Langkahnya ia bawa mendekat pada Rahsya yang masih enggan untuk membuka kedua matanya. Wajah anak itu sangat pucat ditambah ada beberapa lebam yang juga menghiasi paras tampan adeknya, pun ventilator yang tertancap pada mulutnya .
"dek" tangan Al terangkat untuk mengusap pelan kening adeknya. Bahkan gerakannya sangat pelan dan penuh kehati-hatian. Takut bila kasar sedikit saja akan membuat adeknya merasakan sakit.
"Bangun dek, maaf gara-gara kakak. Adek jadi gini" untuk kesekian kalinya air mata Al tak dapat dibendung lagi agar tidak keluar.

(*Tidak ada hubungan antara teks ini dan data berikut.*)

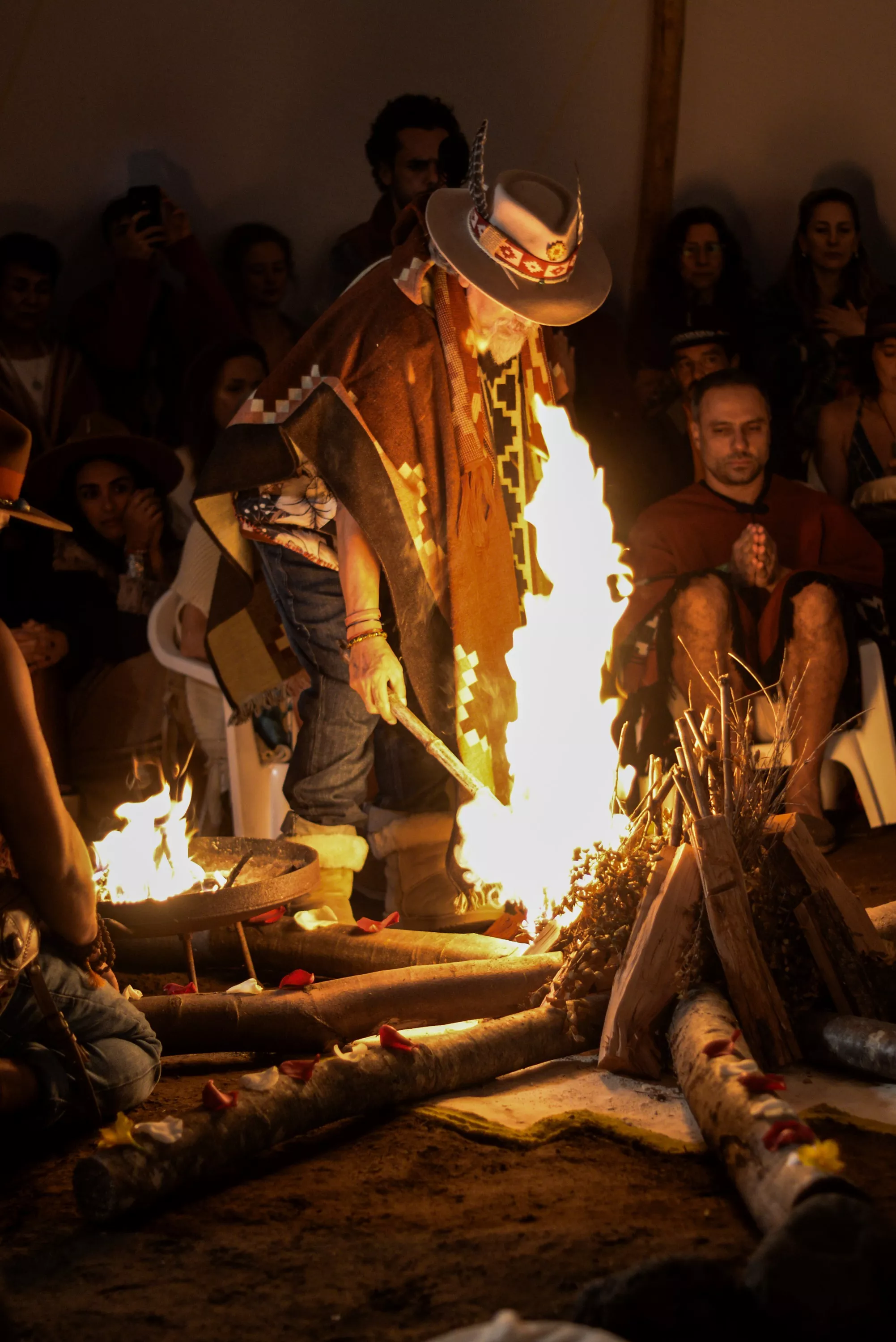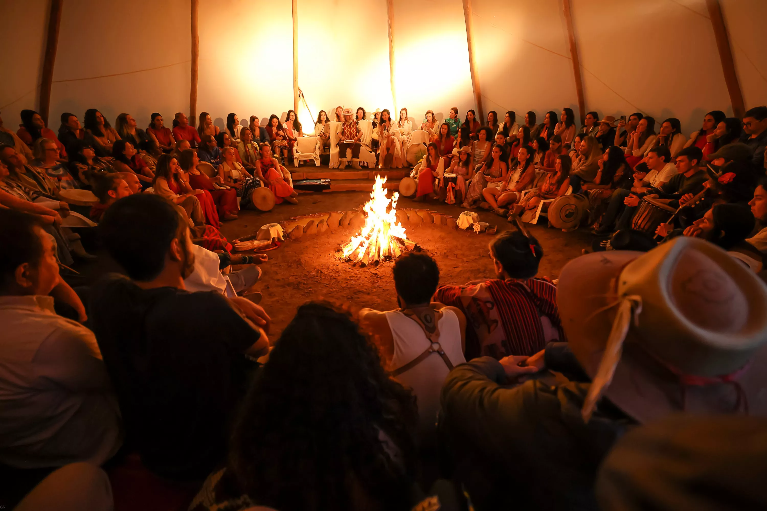 Cada buscador es sembrado junto a un árbol nativo en medio de un bosque milenario, al pie de la Cordillera de los Andes en una de las naturalezas más amigables del mundo, donde permanecerá en un círculo hecho con rezos y en un profundo ascesis que le permitirá entrar en intimidad contigo mismo y rescatar tu naturaleza salvaje, purificar tu historia, darle un nuevo significado a tus vínculos y encontrar un sentido renovado para tu vida, transformando tu visión interna. Y, a pesar de estar solo en retiro, estarás conectado y cerca de todo el grupo de buscadores que subieron juntos, recibiendo el apoyo de toda la Tribu que apoya el proceso a través de cantos, ofrendas, vigilias en el tipi de fuego - que permanece iluminado de principio a fin y sólo se apaga después de la ceremonia de bendición y celebración, cuando es posible ver el brillo en los ojos y el alma de cada persona que regresa de este Rito de Paso transformado.
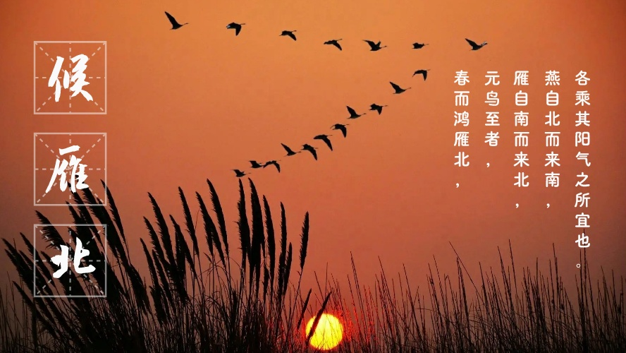 第二个五日来临时,北方的日照时间早已延长,阳气升发,植物昆虫都生长起来。大雁为了更好的繁育后代,向北方迁徙而来,寻找食物养育雏雁。

Ia menyesal kalau saja waktu itu dirinya tidak berlatih basket dahulu, mungkin adeknya tidak akan diculik dan berakhir seperti ini. Dan kalah saja dirinya bisa datang lebih awal untuk menyelamatkan Rahsya, mungkin keadaan anak itu tak separah ini.
Tangannya menggenggam jemari Rahsya yang entah mengapa terasa sangat dingin. Ia eratkan genggaman itu berharap dengan cara tersebut, adeknya bisa merasakan kehangatan dari tubuhnya.
"Dek, maaf. Maafin kakak, tapi please ayo bangun. Jangan kayak gini" tutur Al lembut dengan sebelah tangan yang mengelus pipi putih kemerah-merahannya.
"Ini pasti sakit ya? Maafin kakak ya dek, kakak telat nolongin adek tadi".
Pemuda itu masih saja mengajak sosok yang terbaring lemah itu berbicara. Meskipun adeknya tidak merespon sedikitpun, ia tidak henti-hentinya berucap agar adeknya dapay bangun dari komanya.
Hingga beberapa saat, terlihat orang tuanya memasuki ruangan itu. Bunda langsung mendekap tubuh Al yang tengah duduk di samping brankar.
"Bun... Maafin kakak".
Wanita itu menggeleng dengan air mata yang mengalir terus.
"Gak, kakak gak salah. Ini udah takdir dari Allah sayang." Balasnya lantas menatap kedua mata anak sulungnya yang tampak merah.
Lalu Ayah membawa keduanya itu masuk kedalam pelukannya. Ia sebagai kepala rumah tangga harus lebih kuat dari yang lainnya. Jika ia terlihat lemah, kamu siapa yang akan menguatkan orang-orang disekelilingnya.
"Ayah yakin adek pasti baik-baik saja".